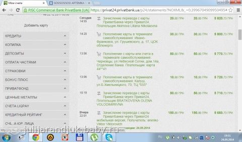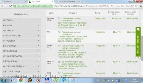 поступление средств на карту ПРиватбанка за 13.-22.09.2014
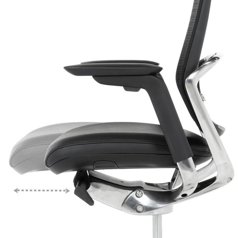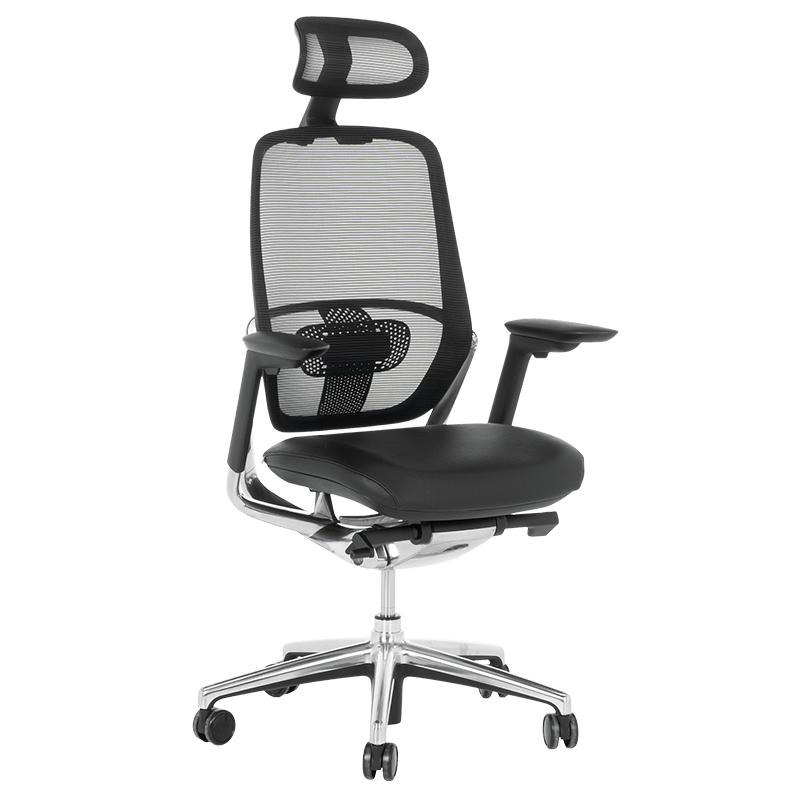 - Ергономична седалка и облегалка, тапицирани във висококачествена естествена кожа и меш
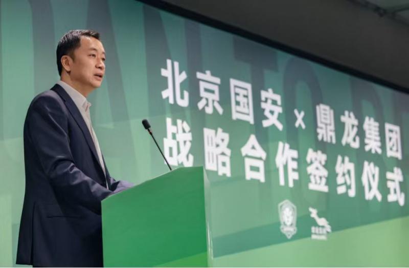 鼎龙集团执行董事龙晓方先生在讲话中强调:“能与北京国安携手是鼎龙的荣幸,更是时代赋予我们的机遇。此次合作,我们将共同打造国家级冬训基地和国际足球文化产业园。依托鼎龙湾的滨海资源与高端酒店群,为国安将士们提供从训练到康复的全链条保障,让球员在纯天然氧吧中蓄力出征。同时,我们还将融合国安的历史底蕴与鼎龙湾的文旅流量,打造球迷朝圣地,开创文体旅融合新典范。鼎龙集团将倾注核心资源,不求短期回报,只愿为中国足球基础建设贡献绵薄之力,为鼎龙湾注入体育灵魂。”
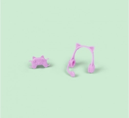 V kompletu so izrazite slušalke z ušeski in majhen igralni krmilnik – idealni rekviziti za igralne zgodbe in digitalne pustolovščine.

What to do ->
Copy the listing above in full and exactly, but omit each picture that it holds.

Response to the exercise ->
 поступление средств на карту ПРиватбанка за 13.-22.09.2014
 - Ергономична седалка и облегалка, тапицирани във висококачествена естествена кожа и меш
 鼎龙集团执行董事龙晓方先生在讲话中强调:“能与北京国安携手是鼎龙的荣幸,更是时代赋予我们的机遇。此次合作,我们将共同打造国家级冬训基地和国际足球文化产业园。依托鼎龙湾的滨海资源与高端酒店群,为国安将士们提供从训练到康复的全链条保障,让球员在纯天然氧吧中蓄力出征。同时,我们还将融合国安的历史底蕴与鼎龙湾的文旅流量,打造球迷朝圣地,开创文体旅融合新典范。鼎龙集团将倾注核心资源,不求短期回报,只愿为中国足球基础建设贡献绵薄之力,为鼎龙湾注入体育灵魂。”
 V kompletu so izrazite slušalke z ušeski in majhen igralni krmilnik – idealni rekviziti za igralne zgodbe in digitalne pustolovščine.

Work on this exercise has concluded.